### Source records
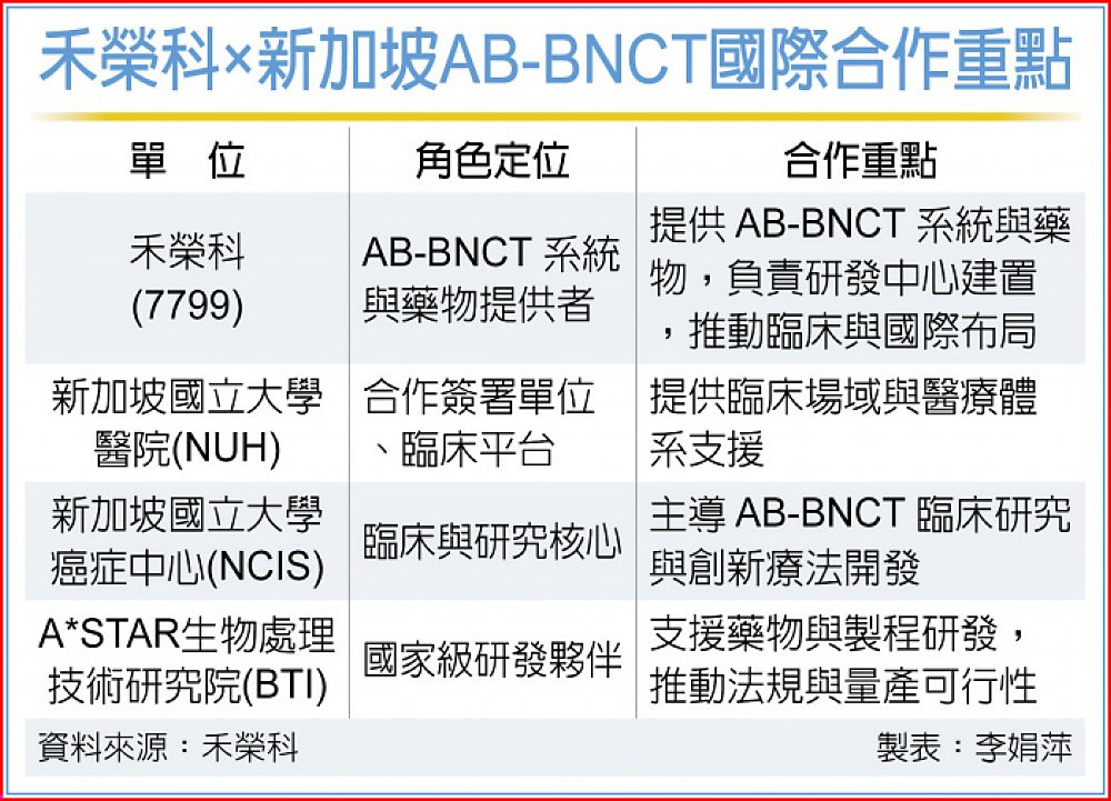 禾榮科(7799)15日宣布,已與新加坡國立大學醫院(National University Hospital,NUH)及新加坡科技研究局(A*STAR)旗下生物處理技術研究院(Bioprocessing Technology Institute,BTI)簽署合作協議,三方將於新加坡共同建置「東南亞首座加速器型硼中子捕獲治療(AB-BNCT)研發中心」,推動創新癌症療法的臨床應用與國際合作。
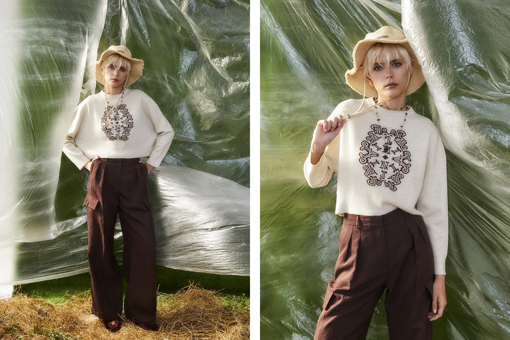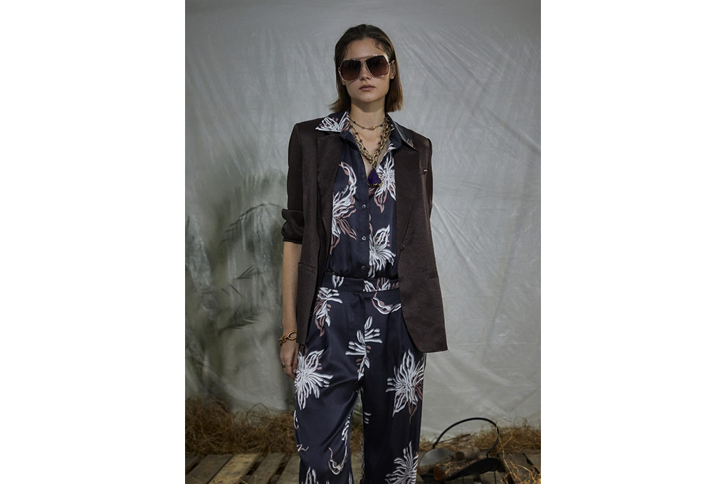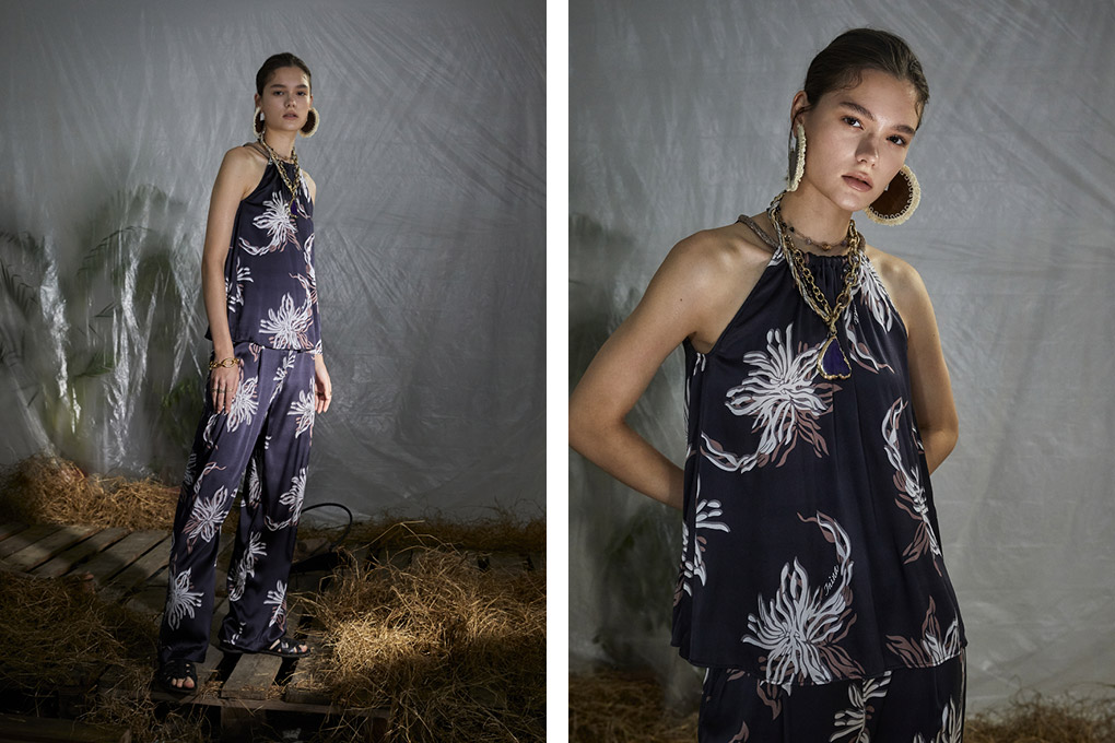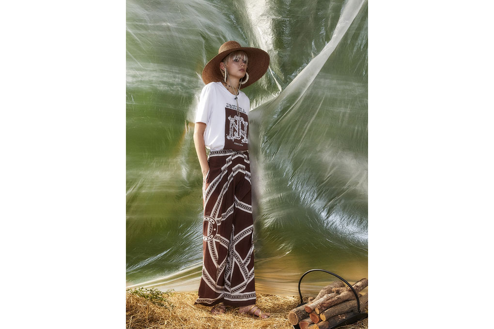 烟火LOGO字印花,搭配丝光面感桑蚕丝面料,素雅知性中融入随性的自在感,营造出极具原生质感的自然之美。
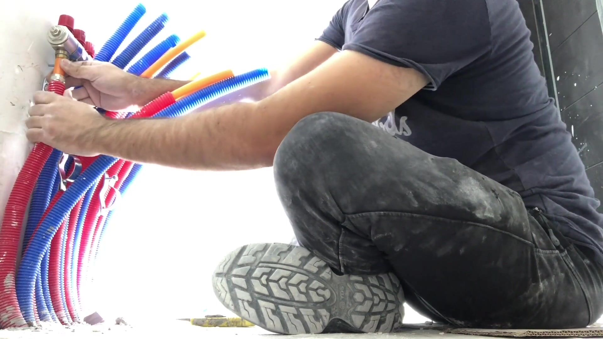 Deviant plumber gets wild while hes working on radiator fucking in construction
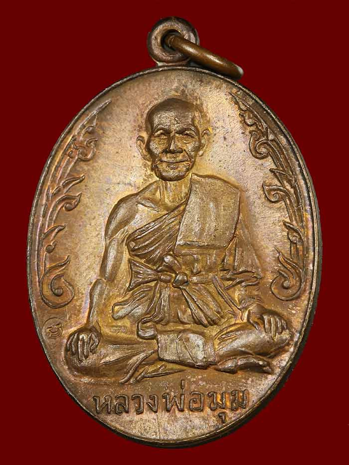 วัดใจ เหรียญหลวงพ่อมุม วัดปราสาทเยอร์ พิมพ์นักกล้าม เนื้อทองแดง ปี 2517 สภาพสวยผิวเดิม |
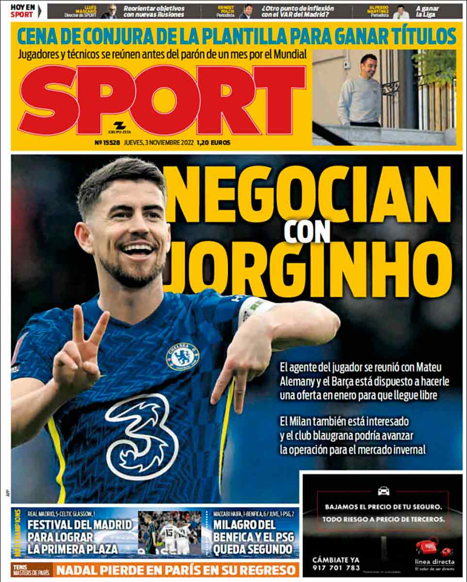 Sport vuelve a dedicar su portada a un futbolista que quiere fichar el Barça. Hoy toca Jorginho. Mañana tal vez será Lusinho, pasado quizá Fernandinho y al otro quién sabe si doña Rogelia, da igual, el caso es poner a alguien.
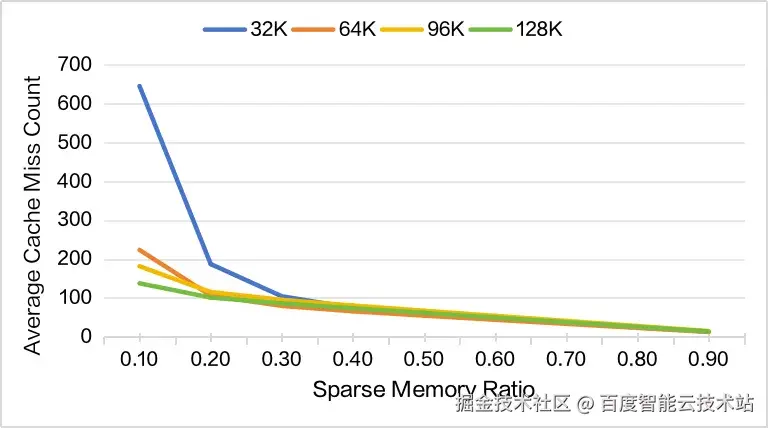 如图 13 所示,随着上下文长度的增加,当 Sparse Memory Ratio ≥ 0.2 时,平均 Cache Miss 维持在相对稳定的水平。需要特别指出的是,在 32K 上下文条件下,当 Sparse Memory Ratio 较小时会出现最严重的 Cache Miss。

### Work request
Set down all of the material above exactly as written, leaving the pictures out.

### Exercise answer
 禾榮科(7799)15日宣布,已與新加坡國立大學醫院(National University Hospital,NUH)及新加坡科技研究局(A*STAR)旗下生物處理技術研究院(Bioprocessing Technology Institute,BTI)簽署合作協議,三方將於新加坡共同建置「東南亞首座加速器型硼中子捕獲治療(AB-BNCT)研發中心」,推動創新癌症療法的臨床應用與國際合作。
 烟火LOGO字印花,搭配丝光面感桑蚕丝面料,素雅知性中融入随性的自在感,营造出极具原生质感的自然之美。
 Deviant plumber gets wild while hes working on radiator fucking in construction
 วัดใจ เหรียญหลวงพ่อมุม วัดปราสาทเยอร์ พิมพ์นักกล้าม เนื้อทองแดง ปี 2517 สภาพสวยผิวเดิม |
 Sport vuelve a dedicar su portada a un futbolista que quiere fichar el Barça. Hoy toca Jorginho. Mañana tal vez será Lusinho, pasado quizá Fernandinho y al otro quién sabe si doña Rogelia, da igual, el caso es poner a alguien.
 如图 13 所示,随着上下文长度的增加,当 Sparse Memory Ratio ≥ 0.2 时,平均 Cache Miss 维持在相对稳定的水平。需要特别指出的是,在 32K 上下文条件下,当 Sparse Memory Ratio 较小时会出现最严重的 Cache Miss。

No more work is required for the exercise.